CSAs: A Newer Way to Get Local Vegetables

The Importance of a Healthy Community

Eating healthy is important. So is supporting our local farms. The first because a healthy body means, on average, a longer and more enjoyable quality of life; while healthy local industries results in a more healthy local economy.

Consuming locally grown vegetables (which PEI has no shortage of) is the most straightforward thing you can do toward achieving a healthy body and a healthy economy.

You may be asking yourself now, how can I get local vegetables? There are multiple answers to that question, but for now, we would like to talk to you specifically about Community Supported Agriculture.

What is a CSA?

Community Supported Agriculture; more commonly known as CSA, is a model for agriculture and food distribution that has gained humongous popularity among farms and communities all over the world, and it has exploded in Canada and Prince Edward Island over the past decade.

The easiest way to describe a CSA is as an agreement between a farmer and a customer. The farmer grows the food of course, and the customer (also frequently known as a member or subscriber) typically agrees to pay for a share of the crops prior to the season even beginning.

It's like a weekly magazine subscription... but with food! And a win-win: the farmer knows where their food is going, and the member knows where their food is coming from.

 

Canadian CSAs by geographic location

Canadian CSAs by province

 

What are the benefits of CSAs?

Being involved in a CSA lets your local farmers know how much food will be needed well in advance, and you know that the farmer will have money to buy the tools and seeds to grow the vegetables you'll be receiving. 

You as a member, on the other hand, can rest assured that you’ll have access to high quality vegetables and, depending on your CSA, can have them delivered directly to your doorstep.

What are the costs of CSAs?

The farmers in a CSA has to put in a bit more time into planning crops, keeping up and communicating with members, and a bit more bookkeeping. But it's all worth knowing that the food being grown in the field will eventually end up on someone's plate rather than going to waste.

On a CSA member's side of the relationship, you have to show up each week at the pickup location to receive your food, be at home in the case of delivery, or have a safe place for your food to be dropped off if you can't be home. After that, it's just a matter of eating your vegetables! (Should we really call that a cost? I guess not.)
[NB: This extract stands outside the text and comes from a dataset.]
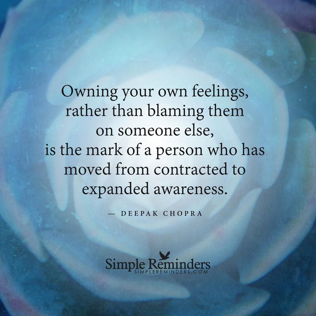 When we own our feelings, we take responsibility for how we have chosen to react to any given situation. Yes, there will be times when we feel angry or frustrated, hurt, disappointed or sad. There will be times when we feel elated, happy, excited or ecstatic. Own all the feelings, good and bad. You are entitled to both. Own your feelings. Do not give anyone else the power to “make” you feel any given way. Your feelings are your own. You are responsible for them and for the way you express them. If you need to cry, remember that it is okay to cry. Let the tears come, let them cleanse your soul. If you need to laugh, do so with a happy heart.

Normally, with a CSA, you also have to be willing to pay for everything upfront, but because we want our CSA to be convenient and accessible to everyone, we also provide the option of week-to-week or monthly payments.

Of course we still appreciate those who are willing and able to pay for the whole thing upfront, because that helps us buy seeds, equipment, tools, and pay for labour while we wait for everything to start growing until it's ready for harvest!

A Win-Win 

In short, in a CSA, everybody gets something out of the deal!

It's easy to see why this model has become popular as it not only offers benefits to both sides, but also helps connect people to their food in ways that simply are not possible in any other way in the contemporary food system.

Signing up to a CSA is not just purchasing food, it’s contributing to the development and well-being of people and communities. It’s about giving a face to the food you eat, knowing where your food comes from and how its grown. Do you think that's a cause you can get behind?